Les événements stressants ne sont pas les mêmes pour tout le monde. Si la quasi-totalité des gens sont alarmés par des bruits très forts ou des situations d’agression, seuls certains sont stressés de façon chronique par des événements plus banals de la vie quotidienne. Dans tous les cas, le cerveau déclenche une double réponse hormonale impliquant les catécholamines, d’une part, et le cortisol, d’autre part.

Les catécholamines

Les catécholamines, comme l’épinéphrine (adrénaline) et la norépinéphrine (noradrénaline), agissent comme premiers répondants aux situations qui sont interprétées comme une menace par le cerveau. Nous avons tous déjà ressenti une partie des effets secondaires qu’entraîne cette réponse lorsqu’on nous fait sursauter, lorsqu’on évite de justesse un accident ou encore lors d’une crise de panique : sueurs, augmentation de la fréquence cardiaque, du rythme respiratoire et de la tension artérielle, joues rouges, tremblements, etc. Ces effets désagréables cachent toute une série de mécanismes physiologiques importants qui se produisent simultanément et qui servent à fuir le danger ou à le combattre. La réponse des catécholamines est rapide, mais de courte durée.
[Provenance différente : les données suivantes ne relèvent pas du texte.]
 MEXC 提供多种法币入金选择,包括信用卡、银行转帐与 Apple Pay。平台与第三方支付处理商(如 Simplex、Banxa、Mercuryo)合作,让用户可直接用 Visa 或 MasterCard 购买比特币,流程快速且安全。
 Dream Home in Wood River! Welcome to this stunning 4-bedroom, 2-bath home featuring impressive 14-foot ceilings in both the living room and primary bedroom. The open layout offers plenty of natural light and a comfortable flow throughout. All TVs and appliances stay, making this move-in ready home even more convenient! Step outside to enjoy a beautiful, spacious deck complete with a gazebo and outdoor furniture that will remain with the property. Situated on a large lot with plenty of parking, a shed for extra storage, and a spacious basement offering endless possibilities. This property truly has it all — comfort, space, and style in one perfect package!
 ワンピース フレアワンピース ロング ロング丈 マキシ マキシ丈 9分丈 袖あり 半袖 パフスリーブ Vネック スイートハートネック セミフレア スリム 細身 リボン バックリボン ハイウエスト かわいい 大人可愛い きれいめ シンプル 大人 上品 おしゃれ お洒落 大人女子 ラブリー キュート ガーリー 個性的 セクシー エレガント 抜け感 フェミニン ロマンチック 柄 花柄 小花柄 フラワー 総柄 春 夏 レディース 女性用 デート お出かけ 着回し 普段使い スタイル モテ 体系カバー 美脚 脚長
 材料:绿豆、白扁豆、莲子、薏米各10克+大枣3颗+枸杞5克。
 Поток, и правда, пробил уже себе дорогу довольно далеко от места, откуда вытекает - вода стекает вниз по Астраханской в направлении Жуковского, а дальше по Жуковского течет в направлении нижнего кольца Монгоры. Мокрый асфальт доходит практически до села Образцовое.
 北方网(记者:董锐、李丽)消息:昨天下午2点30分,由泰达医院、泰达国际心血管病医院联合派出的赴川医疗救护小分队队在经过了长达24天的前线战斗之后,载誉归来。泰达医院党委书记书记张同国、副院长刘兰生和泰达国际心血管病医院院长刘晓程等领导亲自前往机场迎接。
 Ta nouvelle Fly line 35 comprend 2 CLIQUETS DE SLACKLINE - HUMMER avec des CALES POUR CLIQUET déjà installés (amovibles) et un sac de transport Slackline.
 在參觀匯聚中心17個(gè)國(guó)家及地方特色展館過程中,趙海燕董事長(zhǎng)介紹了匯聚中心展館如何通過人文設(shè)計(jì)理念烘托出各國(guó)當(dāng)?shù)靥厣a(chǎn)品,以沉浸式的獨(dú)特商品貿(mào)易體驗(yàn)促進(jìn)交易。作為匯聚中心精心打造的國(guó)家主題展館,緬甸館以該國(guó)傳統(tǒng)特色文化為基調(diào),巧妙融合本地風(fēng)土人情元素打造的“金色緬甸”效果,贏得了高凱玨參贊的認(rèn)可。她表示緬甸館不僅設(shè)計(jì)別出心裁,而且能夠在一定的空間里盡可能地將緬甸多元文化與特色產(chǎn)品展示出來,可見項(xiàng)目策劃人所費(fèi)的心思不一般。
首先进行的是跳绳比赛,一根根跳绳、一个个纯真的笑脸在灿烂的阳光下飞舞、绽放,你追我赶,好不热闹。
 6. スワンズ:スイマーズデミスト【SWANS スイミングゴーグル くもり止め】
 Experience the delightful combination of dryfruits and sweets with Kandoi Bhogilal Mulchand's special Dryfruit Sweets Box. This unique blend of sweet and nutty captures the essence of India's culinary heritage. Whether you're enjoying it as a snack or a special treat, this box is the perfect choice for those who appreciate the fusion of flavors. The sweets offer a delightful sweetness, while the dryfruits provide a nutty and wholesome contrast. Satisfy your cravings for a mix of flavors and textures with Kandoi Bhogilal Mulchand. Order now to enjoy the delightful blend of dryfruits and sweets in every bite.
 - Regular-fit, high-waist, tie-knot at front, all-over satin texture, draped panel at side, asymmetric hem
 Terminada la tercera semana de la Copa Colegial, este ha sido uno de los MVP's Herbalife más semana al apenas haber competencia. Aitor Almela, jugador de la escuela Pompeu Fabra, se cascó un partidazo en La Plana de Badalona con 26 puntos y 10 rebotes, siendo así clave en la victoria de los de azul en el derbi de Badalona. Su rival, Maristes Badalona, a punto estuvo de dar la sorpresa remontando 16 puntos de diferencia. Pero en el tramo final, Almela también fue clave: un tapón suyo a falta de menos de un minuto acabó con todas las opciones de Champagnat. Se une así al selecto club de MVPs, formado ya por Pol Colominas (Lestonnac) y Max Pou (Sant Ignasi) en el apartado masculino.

Elle devient nuisible si elle se répète trop souvent.

Le cortisol

En même temps qu’il stimule la production de catécholamines, le cerveau ordonne à l’hypophyse de stimuler la sécrétion de cortisol par les glandes surrénales. Conjointement aux catécholamines, le cortisol libère du glucose dans le sang pour satisfaire les besoins en énergie à partir des réserves de glycogène, des graisses et même des protéines. Il inhibe des fonctions coûteuses en énergie comme la croissance, la digestion ou la reproduction. Les effets du cortisol ne sont pas perceptibles comme ceux des catécholamines. Ils sont cependant présents à plus long terme et deviennent nuisibles si les épisodes de stress se répètent de façon chronique.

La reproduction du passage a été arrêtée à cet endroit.